Колокольчик, кажется, совсем близко, но морозная тишина обманывает: проходит минут пять, прежде чем из-за заснеженных елей показывается тройка горбоносых лохматых лошадок... Еще каких-нибудь две минуты, и она скрывается под обрывом высокого, поросшего тайгой берега. Увязая в сугробах, Савка бежит за тройкой и кричит:
— Пошта! Пошта!
— Ух ты! — восторженно оценивает Ванька событие,
— Ты ничего не видел?—спрашивает Пашка.
— Дуга у Левонтия новая: зеленая, цветы красные.
— И правая пристяжка молодая. Звезда на лбу и заносит.
— Левошка выучит...
— Левошка-то?.. Он любую выездит.
— А человека в санях видел, какой в тулупе?

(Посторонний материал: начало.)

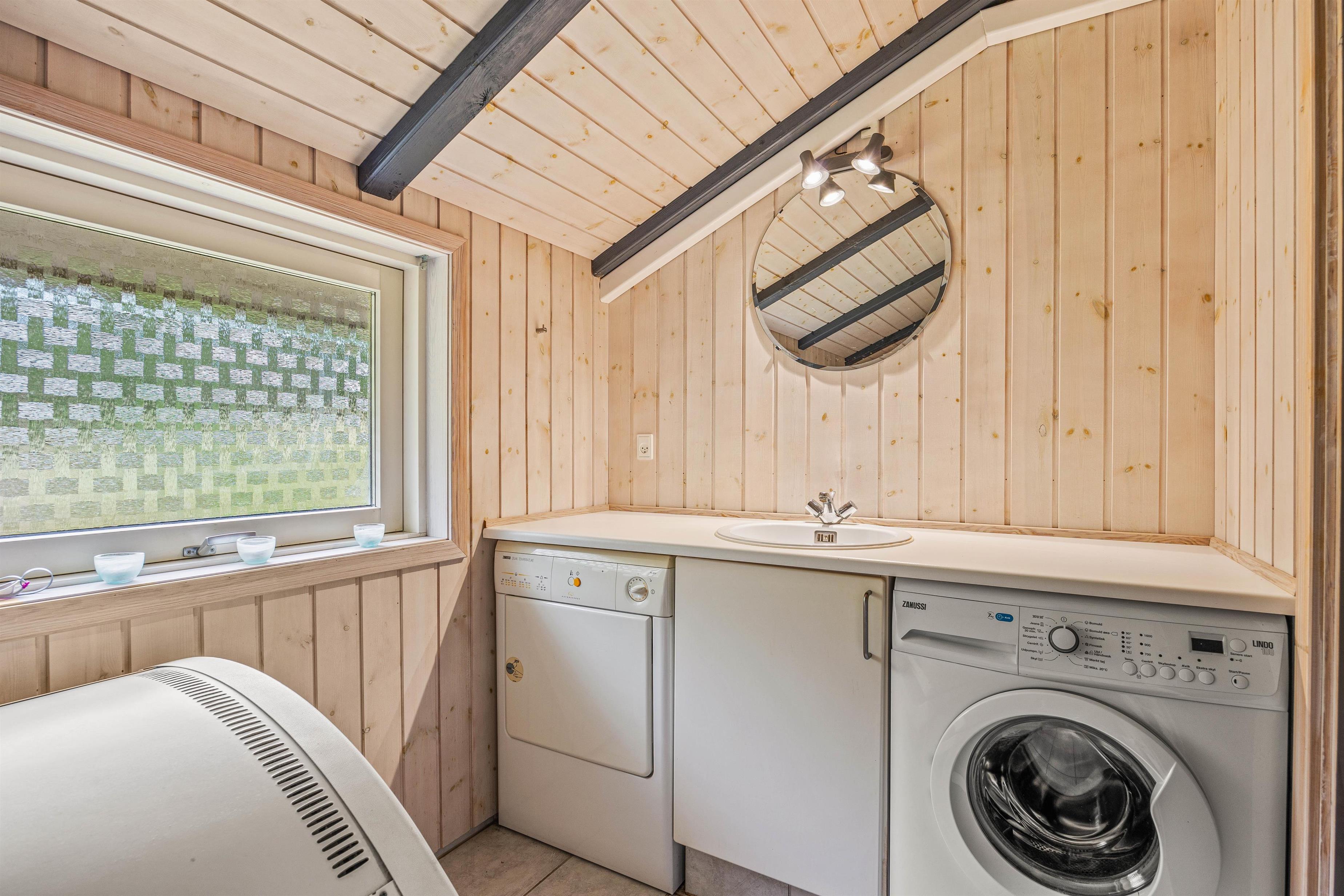 Køkkenet er udstyret med alt, hvad du har brug for, inklusive en opvaskemaskine og en separat fryser på 90 liter, hvilket gør det nemt og behageligt at tilberede måltider. Vaskemaskine og tørretumbler står også til din rådighed for at gøre dit ophold så behageligt som muligt.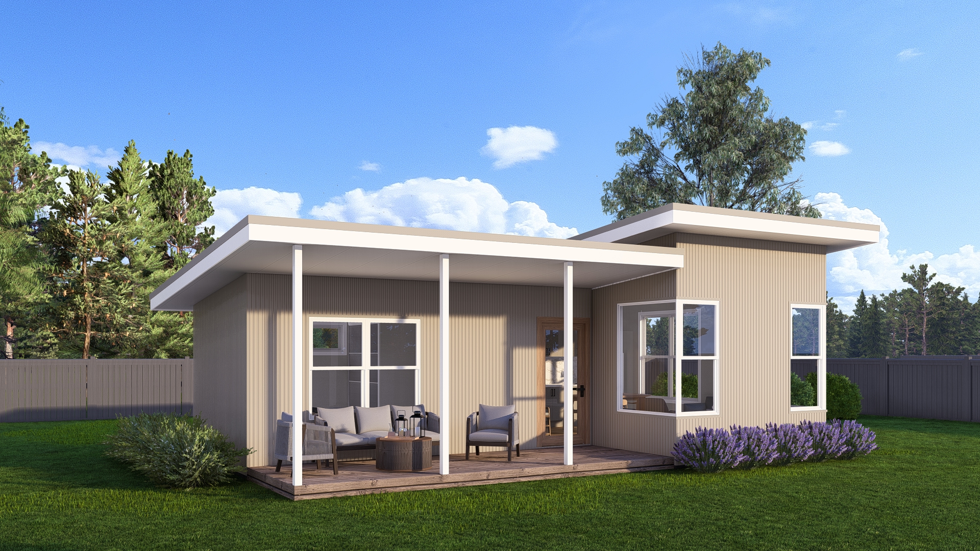 improve the textures the exterior cladding should v joint fiber cement cladding in beige color keep the colors from the original photo dont add any other elements

— Стражник. Когда почта с деньгами бежит, при ней всегда стражник с леворвертом.
— Может, ссыльного везут?
— Ссыльных весной погонят... Их по одному не возят.
2.
Разговор о почте понемногу иссякает. Отзвучал колокольчик, застыла над Горелым погостом белая скука зимней тишины. Ванька вздыхает, Пашка с хитрецой на него поглядывает.
— Про Гришку Ерпана ничего не слышал? — словно невзначай, спрашивает он.
Всякая новость на Горелом погосте на вес золота, про Удалого Гришку Ерпана — того дороже. Гришка — зверовщик и слывет лучшим добытчиком. Неужто стряслось что-нибудь с Ерпаном? По лицу приятеля Ванька понимает, что тот сразу новость не выложит.
— Ерпан зверовать пошёл,— отвечает он.— Про него теперь долго слуха не будет.
— Отзверовал!—таинственно сообщает Пашка и, желая помучить приятеля, смолкает.
— А что?
— Да вот то...
— Что с ним случилось?
— Вернулся...
Не было еще случая, чтобы Ернан возвращался с промысла до срока.
— Без добычи?
— Какая добыча! Дюжину хвостов принес, не боле...
— Может, заболел?
Пашка даже не отвечает на такую малоинтересную догадку.
И здесь на Ваньку снисходит вдохновение. Притворившись, что неожиданное возвращение Ерпана ничуть его не интересует, он говорит:
— Ну и хрен с ним, Ерпаном, коли вернулся!.. Прощай.
еретик, мне домой надо: мать велела скорее приходить.
Хитрость удается на славу. Теперь уже Пашке не терпится как можно скорее все рассказать. Новость тем и дорога, что ею поделиться можно. Не поделишься, будет она тяготить, как неразменный рубль...
— Обожди...— просит он.— Ты Гришкино ружье знаешь?
— А то! Он его сам давал мне в руках подержать. Тяжелое!
— Порвалось!
У Ерпана ружье порвалось!.. Ради такой новости не то что уши поднять, малахай с головы сбросить не жаль!
— Врешь! — не верит Ванька. — Ерпану ружье от отца перешло, ему сто лет, такое не порвется.